Why both Huffman and LZ77?

But why does DEFLATE, Zstandard, LZHAM, LZHUF, LZH, etc. use both Huffman and LZ77?

Because these 2 algorithms detect and remove 2 different kinds of redundancy in common to many data files (video game levels, English and other natural-language text, etc.), and they can be combined to get better net compression than either one alone. (Unfortunately, most data compression algorithms cannot be combined like this).

details

In English, the 2 most common letters are (usually) 'e' and then 't'. So what is the most common pair? You might guess "ee", "et", or "te" -- nope, it's "th".

LZ77 is good at detecting and compressing these kinds of common words and syllables that occur far more often than you might guess from the letter frequencies alone.

Letter-oriented Huffman is good at detecting and compressing files using the letter frequencies alone, but it cannot detect correlations between consecutive letters (common words and syllables).

LZ77 compresses an original file into an intermediate sequence of literal letters and "copy items". Then Huffman further compresses that intermediate sequence. Often those "copy items" are already much shorter than the original substring would have been if we had skipped the LZ77 step and simply Huffman compressed the original file. And Huffman does just as well compressing the literal letters in the intermediate sequence as it would have done compressing those same letters in the original file.

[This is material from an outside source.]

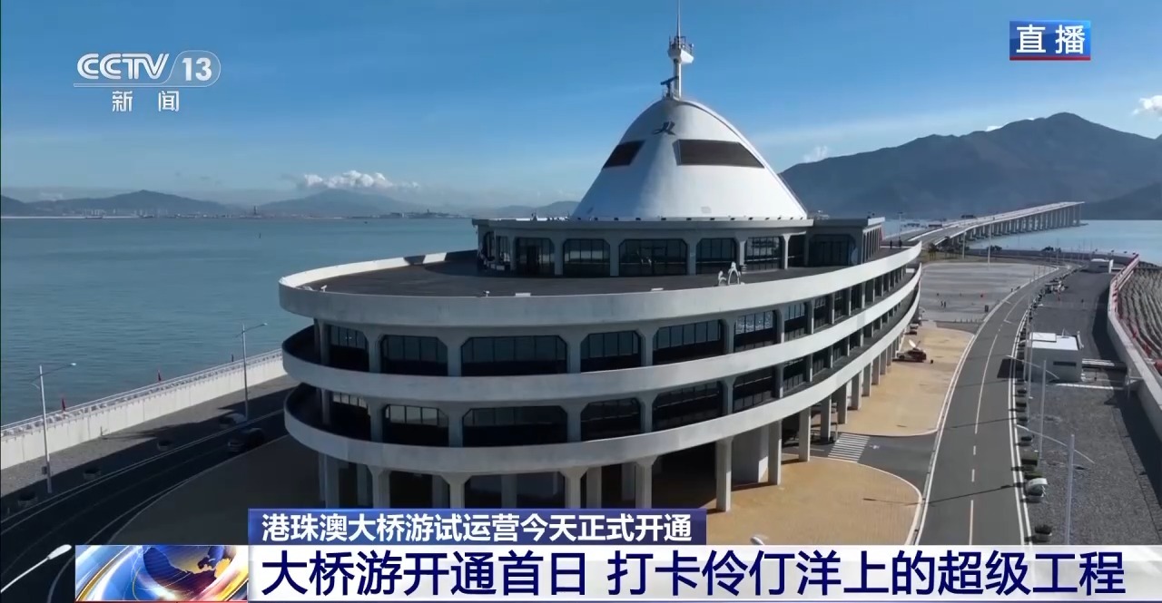 总台记者 曲柏宇:游客们上岛以后,可以游览的地方分为四个区域。第一个是广场区域,设有青州桥塔、中华白海豚、港珠澳大桥中英文欢迎语三个元素为一体的打卡点。第二个是主体建筑的楼梯,设计非常大气,一共有120级宽阔的大台阶,也寓意着大桥设计使用寿命为120年,同时站在台阶上可以回望香港大屿山和香港国际机场,景色非常优美,让人心旷神怡。第三个是位于主体建筑四层的大桥建设展厅,展厅里面两侧挂有港珠澳大桥建设过程和全景照片,并且摆放了许多大桥建设的模型和原材料,讲解员也将全程为游客讲解,充分展示建设过程中的新工艺、高科技,以及大桥建设一波三折的精彩故事。最后就是四层西侧的观景平台,这里可以全方位欣赏伶仃洋的美景,如果运气好,还可以看到被誉为“海上大熊猫”的中华白海豚。

So already this 2-step process creates smaller files than either algorithm alone. As a bonus, typically the copy items are also Huffman compressed for more savings in storage space.

In general, most data compression software is made up of these 2 parts. First they run the original data through a "transformation" or multiple transformations, also called "decorrelators", typically highly tuned to the particular kind of redundancy in the particular kind of data being compressed (JPEG's DCT transform, MPEG's motion-compensation, etc.) or tuned to the limitations of human perception (MP3's auditory masking, etc.). Next they run the intermediate data through a single "entropy coder" (arithmetic coding, or Huffman coding, or asymmetric numeral system coding) that's pretty much the same for every kind of data.